On the determination of phase boundaries via thermodynamic integration across coexistence regions

TL;DR

This paper explores using thermodynamic integration with pressure equations of state in canonical simulations to accurately locate phase boundaries, especially in metastable regions, demonstrated on the Lennard-Jones model.

Contribution

It introduces a system-size reduction approach to mitigate metastability issues and compares TI's effectiveness in different phase transition regions.

Findings

TI accurately predicts liquid-vapor coexistence.

TI fails in solid-liquid transition, requiring alternative methods.

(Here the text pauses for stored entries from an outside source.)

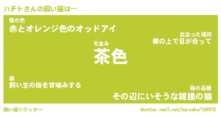 ハチトさんの飼い猫は… 毛並み『茶色』瞳の色『赤とオレンジ色のオッドアイ』猫の品種『その辺にいそうな雑種の猫』 ツクッター #飼い猫ツクッター http://tkutter.nan7.net/kaineko/169972/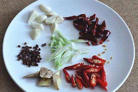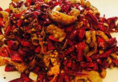 用料:猪大肠,辣椒,花椒,生姜,蒜,葱,盐,水,油,水淀粉
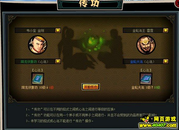 【传功】功能可以将一个弟子的招式或心法等级,传承给自己或其它弟子的指定招式或心法。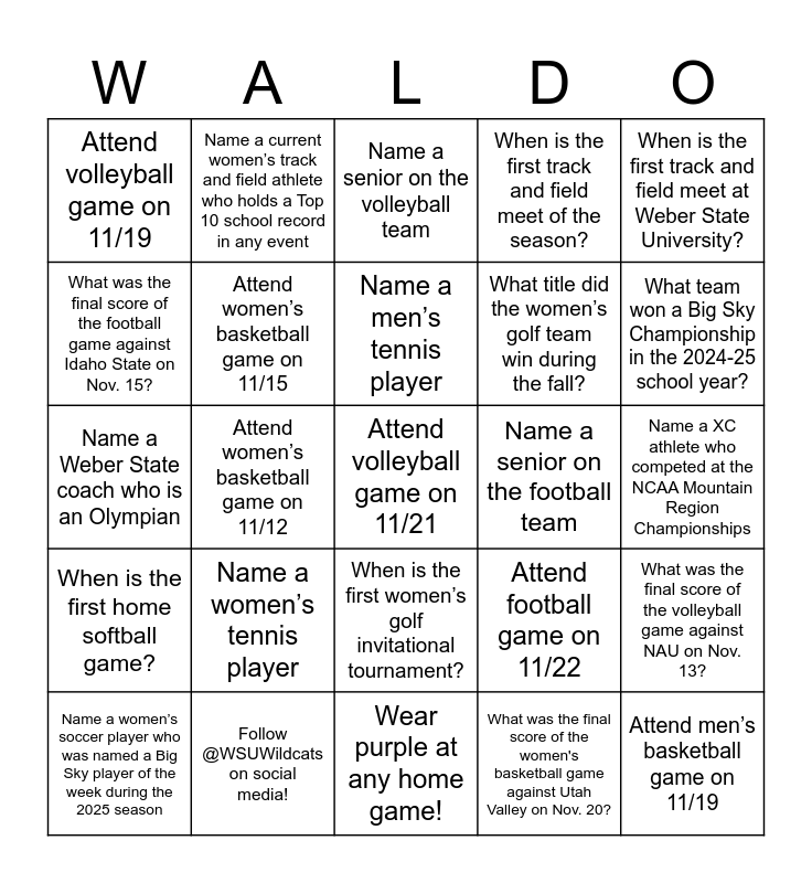 This bingo card has a free space and 28 words: Attend football game on 11/22, Attend men’s basketball game on 11/19, Attend women’s basketball game on 11/12, Attend men's basketball game on 11/22, Attend volleyball game on 11/19, Attend women’s basketball game on 11/15, Name a senior on the volleyball team, Name a senior on the football team, Name a XC athlete who competed at the NCAA Mountain Region Championships, Name a women’s soccer player who was named a Big Sky player of the week during the 2025 season, Name a women’s tennis player, Name a men’s tennis player, What was the final score of the women's basketball game against Utah Valley on Nov. 20?, What was the final score of the volleyball game against NAU on Nov. 13?, What was the final score of the football game against Idaho State on Nov. 15?, When is the first men’s golf invitational tournament?, When is the first women’s golf invitational tournament?, When is the first track and field meet of the season?, When is the first track and field meet at Weber State University?, When is the first home softball game?, Name a current women’s track and field athlete who holds a Top 10 school record in any event, Name a current men’s track and field athlete who holds a Top 10 school record in any event, What title did the women’s golf team win during the fall?, What team won a Big Sky Championship in the 2024-25 school year?, Name a Weber State coach who is an Olympian, Follow @WSUWildcats on social media!, Wear purple at any home game! and Bring a sign to any home game and cheer loud for the Wildcats!.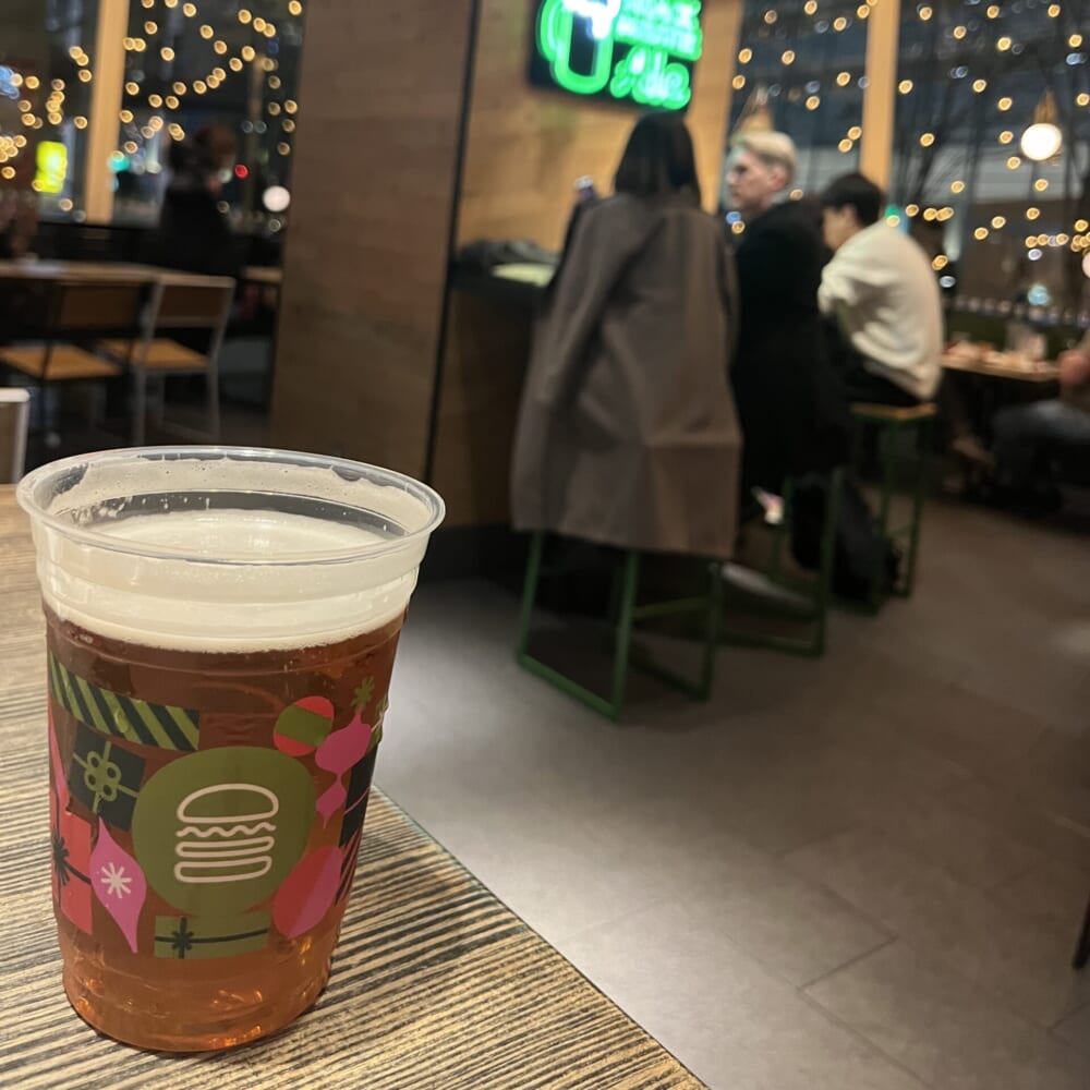 別の場所でも周囲にいらした方にお願いして、数枚写真を撮ってもらったのですが、その方から「緑の服と赤のバッグで、まるでクリスマスみたいだね!」と言われました。全くその通り! 意識していませんでしたが、結果的にホリデーシーズンにぴったりの、遊び心ある配色になりました。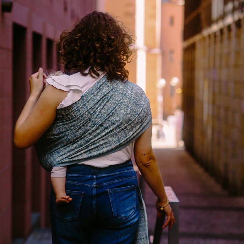 上質な織地でできたディディモスのスリングは赤ちゃんがぴったり密着するように引き締めやすい。肩から背中まで布を大きく広げて上半身に赤ちゃんの体重を分散させることで、ママパパに安定性の高い快適な抱き心地を実現。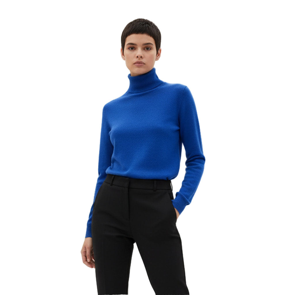 Product Description and Fit: This elegant royal blue turtleneck sweater features a classic design with long sleeves and a high neckline. The garment fits close to the body, offering a sleek and stylish appearance suitable for various occasions.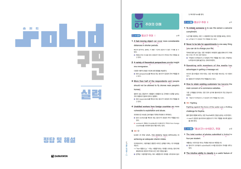 공부할 때는 한 문장을 보면 먼저 동사를 찾고, 그 동사가 요구하는 자리(목적어가 필요한지, 보어가 붙는지)를 확인한 다음, 수식어구와 절을 뒤에서 붙이는 방식으로 읽는 연습을 하는 것이 좋습니다. 이 책은 특히 수동태, 준동사, 관계사절, 분사구문, 병렬·도치 같은 파트에서 실수가 많이 나는데, 그 부분만 따로 반복하면 점수 변화가 잘 보입니다. 기본을 끝냈거나 기본으로 문장 뼈대는 잡히는데 실전에서 정확도가 떨어진다면, ‘구문 실력’이 다음 단계로 자연스럽게 이어지는 선택입니다. 본문에 solid 솔리드 구문 실력편 답지 pdf 파일을 첨부해두었습니다.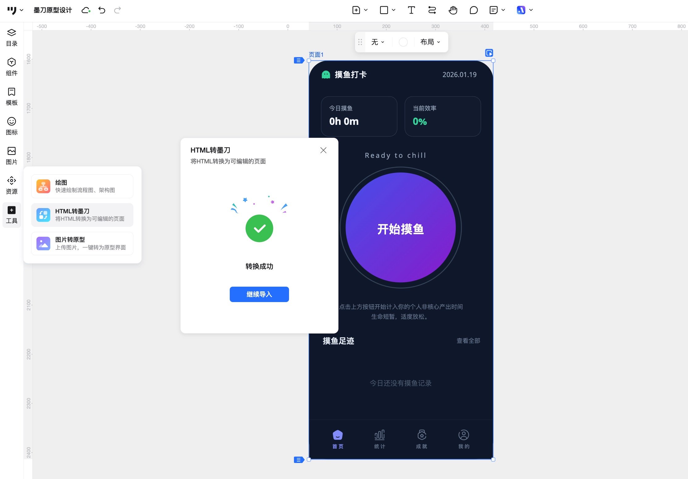 比如我会直接让AI帮我生成一个摸鱼打卡APP的HTML代码,调整后基本满意,再用HTML转可编辑原型。

Smaller systems reduce metastability problems.

Abstract

Specialized Monte Carlo methods are nowadays routinely employed, in combination with thermodynamic integration (TI), to locate phase boundaries of classical many-particle systems. This is especially useful for the fluid-solid transition, where a critical point does not exist and both phases may notoriously go deeply metastable. Using the Lennard-Jones model for demonstration, we hereby investigate on the alternate possibility of tracing reasonably accurate transition lines directly by integrating the pressure equation of state computed in a canonical-ensemble simulation with local moves. The recourse to this method would become a necessity when the stable crystal structure is not known. We show that, rather counterintuitively, metastability problems can be alleviated by reducing (rather than increasing) the size of the system. In particular, the location of liquid-vapor coexistence can exactly be predicted by just TI. On the contrary, TI badly fails in the solid-liquid region, where a better assessment (to within 10\% accuracy) of the coexistence pressure can be made by following the expansion, until melting, of the defective solid which has previously emerged from the decay of the metastable liquid.